Iptables: How-to Share your internet connection — page 4

3 minute read

4. Using iptables’script

4.1. From the command line

One way to apply the rules we define, is simply to run the script from the command line like:

sudo sh /path/to/firewall-script.sh

but this has the bad effect of not being restore on reboot :s, but still, this will be of great help while tweaking up your firewall.

4.2. Using /etc/rc.local

/etc/rc.local is a custom file where you can add scripts to be executed at the end of each multiuser runlevel.

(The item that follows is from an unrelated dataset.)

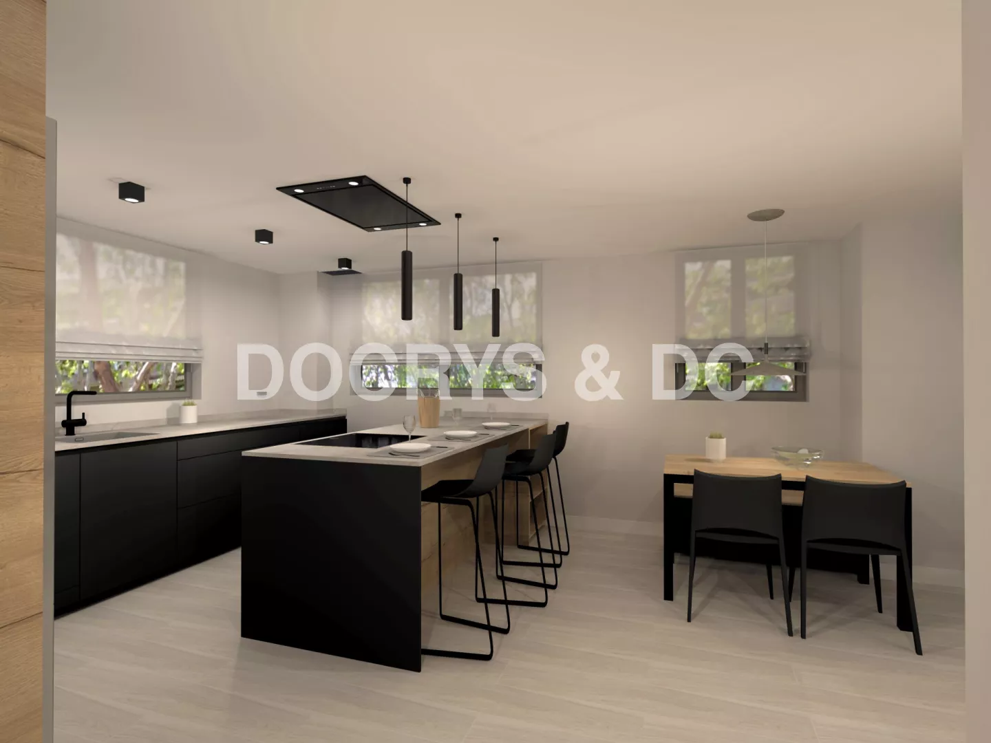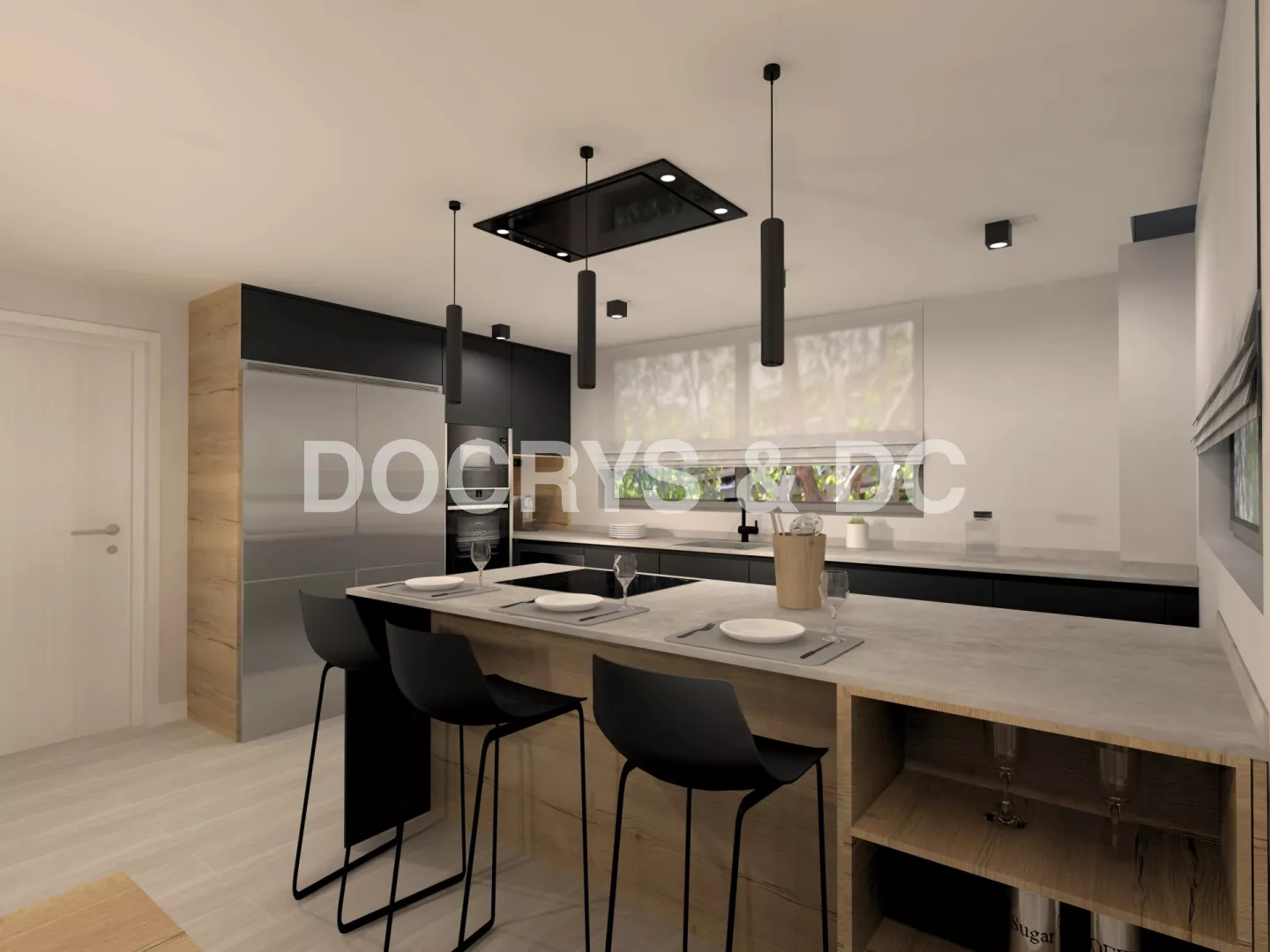 El diseño de esta cocina moderna es abierta al salón, creando una gran amplitud visual.

By default, this file only contain exit 0.

In order to have your iptables firewall script executed on reboot, simply add the path to your firewall script before exit 0.

Copy your firewall script file to /etc/firewall-script.sh for instance. Then make it executable:

sudo chmod 700 /etc/firewall-script.sh

Then edit /etc/rc.local and add /etc/firewall-script.sh before exit 0

Next time you are going to reboot, this script is going to be executed and therefore, your firewall set up restored.

4.3. Using /etc/network/if-up.d/ directory

This one is a bit more tricky.

Once you are done with setting up your firewall script, you will save it to the iptables format by trigerring:

sudo sh /path/to/firewall/script.sh
sudo iptables-save > /etc/firewall-iptables.conf

Now, open and edit /etc/network/if-up.d/iptables and make it look like:

#!/bin/sh
iptables-restore < /etc/firewall-iptables.conf

Then make it executable:

sudo chmod +x /etc/network/if-up.d/iptables

Finally, we need a way to set up /proc/sys/net/ipv4/ip_forward to 1. This can be achieved through /etc/sysctl.conf.

Simply add the following entry if not already there:

net.ipv4.ip_forward=1

which will set /proc/sys/net/ipv4/ip_forward to 1 next time you reboot.

We could have also used /etc/firewall-script.sh instead of the iptables-restore trick, but this way, you can see another way to do it

Reboot, your firewall should be up again :smile:

4.4. Once upon a time

Debian used to have this great /etc/init.d/iptables init script which allowed you to restore iptables settings on boot up, stop your firewall …

This script is now gone… so we have got to do it by ourself now :frowning:

4.5. Rescue script

A handy script to have around is a script that can erase all chains and rules in case you are getting lost with your firewall breakages. The following script will clear up all rules and reset all chain so your firewall will be inactive. I suggest you copy it and keep it somewhere close to you in case of emergency.

#!/bin/bash
IPT='/sbin/iptables'

for a in `cat /proc/net/ip_tables_names`; do
    ${IPT} -F -t $a
    ${IPT} -X -t $a

    if [ $a = nat ]; then
        ${IPT} -t nat -P PREROUTING ACCEPT
        ${IPT} -t nat -P POSTROUTING ACCEPT
        ${IPT} -t nat -P OUTPUT ACCEPT
    elif [ $a = mangle ]; then
        ${IPT} -t mangle -P PREROUTING ACCEPT
        ${IPT} -t mangle -P INPUT ACCEPT
        ${IPT} -t mangle -P FORWARD ACCEPT
        ${IPT} -t mangle -P OUTPUT ACCEPT
        ${IPT} -t mangle -P POSTROUTING ACCEPT
    elif [ $a = filter ]; then
        ${IPT} -t filter -P INPUT ACCEPT
        ${IPT} -t filter -P FORWARD ACCEPT
        ${IPT} -t filter -P OUTPUT ACCEPT
    fi
done

5. Conclusion

This tutorial covered iptables in order to set up a linux firewall which will share your internet connection amongst computer from your local network.

By explaining iptables basis, you should now be able to improve your script so you can allow or disallow specific types of traffic.

This is not the most secure set up though. Best practice would be to set up a policy which disallow all traffic by default and then only allow the traffic you believe that should be permitted.

Finally we went through different ways of recovering iptables setting on reboot.

Hope this helps and will give you enough basis to customize your firewall.